:: EXCERPTED DATA ::

*** Block opens ***

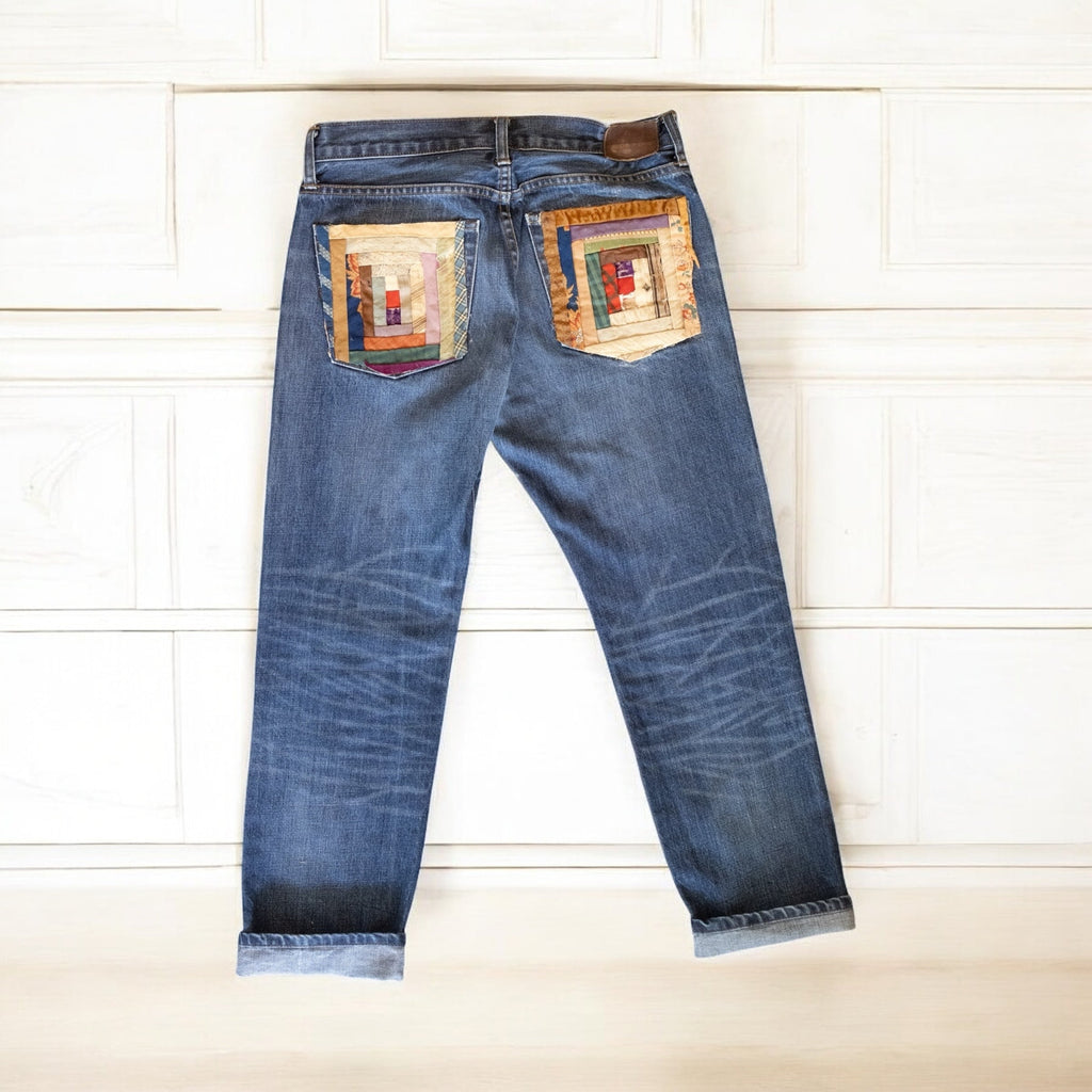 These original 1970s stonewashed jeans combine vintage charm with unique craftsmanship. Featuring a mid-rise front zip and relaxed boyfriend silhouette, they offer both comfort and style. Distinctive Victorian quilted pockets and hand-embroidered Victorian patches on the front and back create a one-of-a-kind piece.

*** Block closes ***
*** Block opens ***

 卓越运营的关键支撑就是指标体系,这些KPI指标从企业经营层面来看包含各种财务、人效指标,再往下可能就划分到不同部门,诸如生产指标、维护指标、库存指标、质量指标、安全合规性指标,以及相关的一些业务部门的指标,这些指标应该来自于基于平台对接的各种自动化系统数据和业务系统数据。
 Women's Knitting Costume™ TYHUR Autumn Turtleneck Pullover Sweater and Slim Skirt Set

*** Block closes ***
*** Block opens ***

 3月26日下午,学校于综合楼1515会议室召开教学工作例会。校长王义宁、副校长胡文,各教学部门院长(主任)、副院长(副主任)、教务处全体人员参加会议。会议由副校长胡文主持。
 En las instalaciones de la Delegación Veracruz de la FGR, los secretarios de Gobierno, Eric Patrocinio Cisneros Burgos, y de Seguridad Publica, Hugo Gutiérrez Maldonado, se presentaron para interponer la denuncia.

*** Block closes ***

:: WORK INSTRUCTIONS ::
In the listing above, locate the line containing "3月26日下午,学校于综合楼" and the line containing "En las instalaciones". Transcribe those two lines and everything between them, exactly as written.

:: ANSWER BOX ::
 3月26日下午,学校于综合楼1515会议室召开教学工作例会。校长王义宁、副校长胡文,各教学部门院长(主任)、副院长(副主任)、教务处全体人员参加会议。会议由副校长胡文主持。
 En las instalaciones de la Delegación Veracruz de la FGR, los secretarios de Gobierno, Eric Patrocinio Cisneros Burgos, y de Seguridad Publica, Hugo Gutiérrez Maldonado, se presentaron para interponer la denuncia.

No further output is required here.